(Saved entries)
■ ■ ■ ■ ■ ■ ■
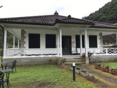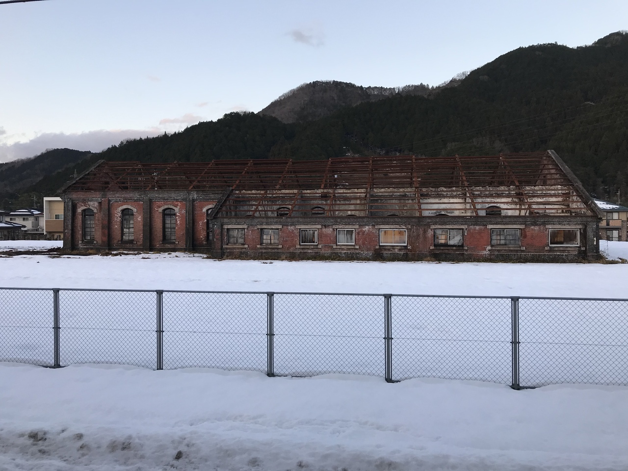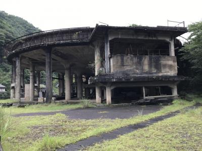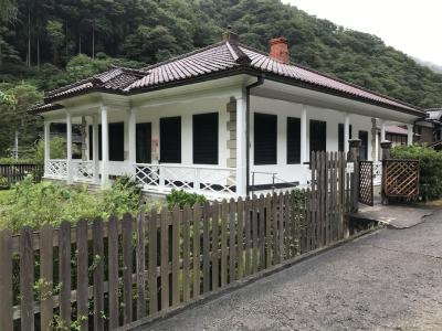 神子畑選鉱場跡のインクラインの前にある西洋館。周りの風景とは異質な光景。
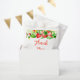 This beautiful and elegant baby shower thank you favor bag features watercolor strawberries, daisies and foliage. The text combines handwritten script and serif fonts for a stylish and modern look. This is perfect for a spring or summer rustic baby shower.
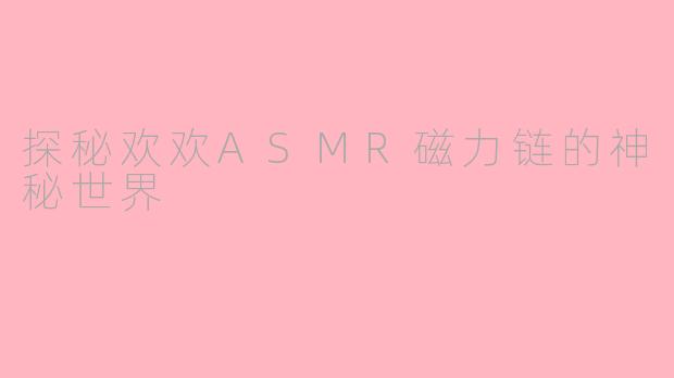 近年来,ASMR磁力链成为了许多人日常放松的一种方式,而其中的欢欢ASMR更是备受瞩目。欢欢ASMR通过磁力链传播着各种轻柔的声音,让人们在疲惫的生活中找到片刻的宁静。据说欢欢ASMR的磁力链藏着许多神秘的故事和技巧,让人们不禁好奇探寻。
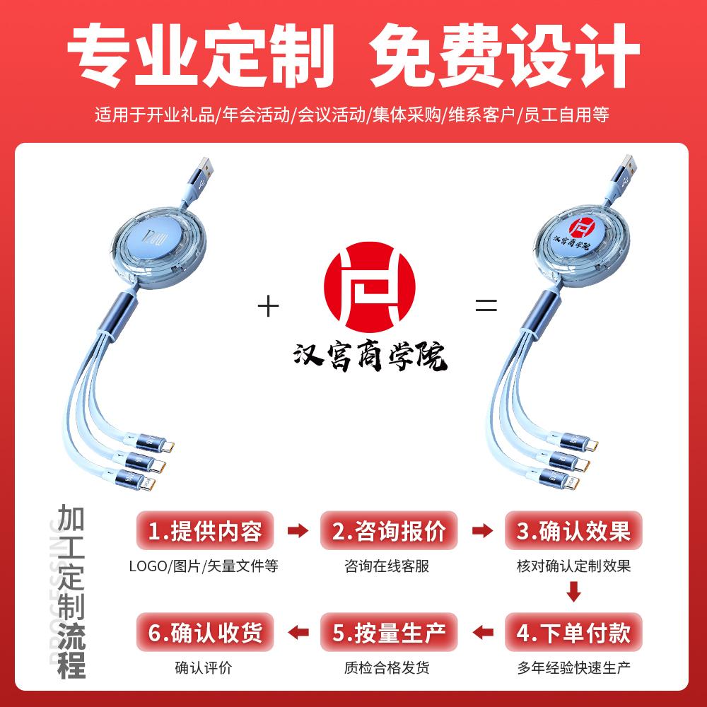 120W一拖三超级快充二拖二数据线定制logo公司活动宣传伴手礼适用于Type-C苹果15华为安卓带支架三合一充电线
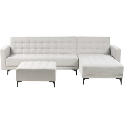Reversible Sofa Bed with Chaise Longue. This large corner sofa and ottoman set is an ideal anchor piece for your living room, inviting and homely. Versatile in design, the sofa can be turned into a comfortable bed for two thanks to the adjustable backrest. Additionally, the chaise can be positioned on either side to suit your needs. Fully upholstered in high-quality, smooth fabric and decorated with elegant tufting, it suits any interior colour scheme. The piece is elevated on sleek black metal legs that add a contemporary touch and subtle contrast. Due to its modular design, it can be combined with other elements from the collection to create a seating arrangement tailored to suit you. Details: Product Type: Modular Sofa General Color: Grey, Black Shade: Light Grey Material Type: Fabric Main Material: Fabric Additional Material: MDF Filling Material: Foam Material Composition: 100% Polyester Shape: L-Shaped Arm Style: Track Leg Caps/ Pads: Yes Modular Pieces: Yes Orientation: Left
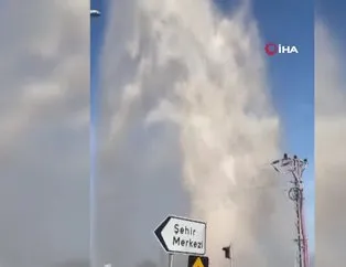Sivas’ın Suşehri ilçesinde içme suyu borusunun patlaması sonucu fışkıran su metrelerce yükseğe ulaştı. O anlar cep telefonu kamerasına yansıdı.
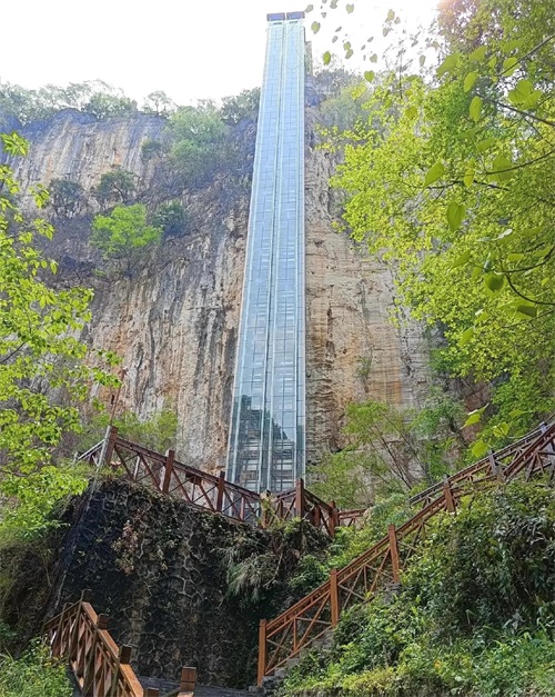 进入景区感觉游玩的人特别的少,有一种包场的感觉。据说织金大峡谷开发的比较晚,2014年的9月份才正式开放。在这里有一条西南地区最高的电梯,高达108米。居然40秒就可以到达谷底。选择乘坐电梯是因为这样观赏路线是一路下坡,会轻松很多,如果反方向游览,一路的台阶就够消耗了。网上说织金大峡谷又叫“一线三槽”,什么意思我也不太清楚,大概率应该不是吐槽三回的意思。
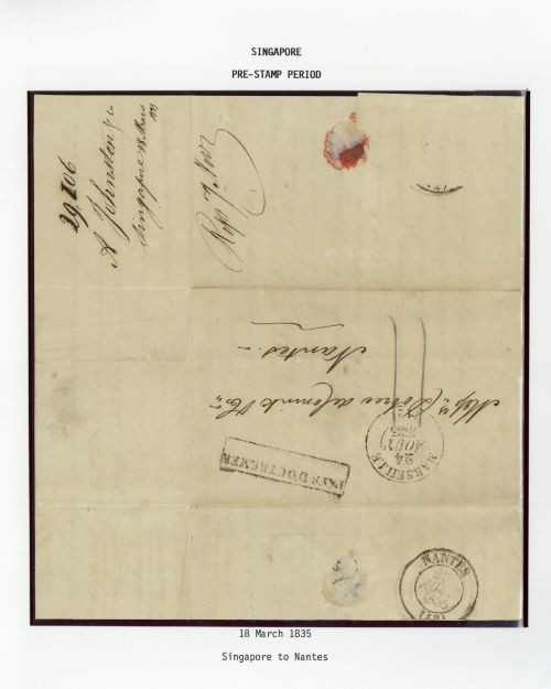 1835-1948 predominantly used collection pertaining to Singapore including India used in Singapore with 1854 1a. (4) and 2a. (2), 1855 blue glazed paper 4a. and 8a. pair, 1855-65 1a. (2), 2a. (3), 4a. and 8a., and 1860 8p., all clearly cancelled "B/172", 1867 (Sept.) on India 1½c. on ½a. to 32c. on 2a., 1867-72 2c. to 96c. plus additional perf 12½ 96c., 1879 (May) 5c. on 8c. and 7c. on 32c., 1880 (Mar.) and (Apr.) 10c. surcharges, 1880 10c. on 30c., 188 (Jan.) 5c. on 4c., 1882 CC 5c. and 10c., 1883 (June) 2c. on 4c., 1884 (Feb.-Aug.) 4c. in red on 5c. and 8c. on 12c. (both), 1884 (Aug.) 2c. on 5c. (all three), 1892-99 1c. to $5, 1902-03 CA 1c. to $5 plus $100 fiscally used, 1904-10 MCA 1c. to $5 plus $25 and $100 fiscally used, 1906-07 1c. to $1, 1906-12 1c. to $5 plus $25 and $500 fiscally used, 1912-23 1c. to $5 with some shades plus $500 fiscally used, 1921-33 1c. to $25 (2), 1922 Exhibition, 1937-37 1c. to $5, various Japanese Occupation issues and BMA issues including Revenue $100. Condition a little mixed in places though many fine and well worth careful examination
■ ■ ■ ■ ■ ■ ■
Give again, exactly as written above, each line from the one that has "This beautiful and" to the one that has "120W一拖三超级快充二拖二", both included; omit the pictures.

### [Solution below]
 This beautiful and elegant baby shower thank you favor bag features watercolor strawberries, daisies and foliage. The text combines handwritten script and serif fonts for a stylish and modern look. This is perfect for a spring or summer rustic baby shower.
 近年来,ASMR磁力链成为了许多人日常放松的一种方式,而其中的欢欢ASMR更是备受瞩目。欢欢ASMR通过磁力链传播着各种轻柔的声音,让人们在疲惫的生活中找到片刻的宁静。据说欢欢ASMR的磁力链藏着许多神秘的故事和技巧,让人们不禁好奇探寻。
 120W一拖三超级快充二拖二数据线定制logo公司活动宣传伴手礼适用于Type-C苹果15华为安卓带支架三合一充电线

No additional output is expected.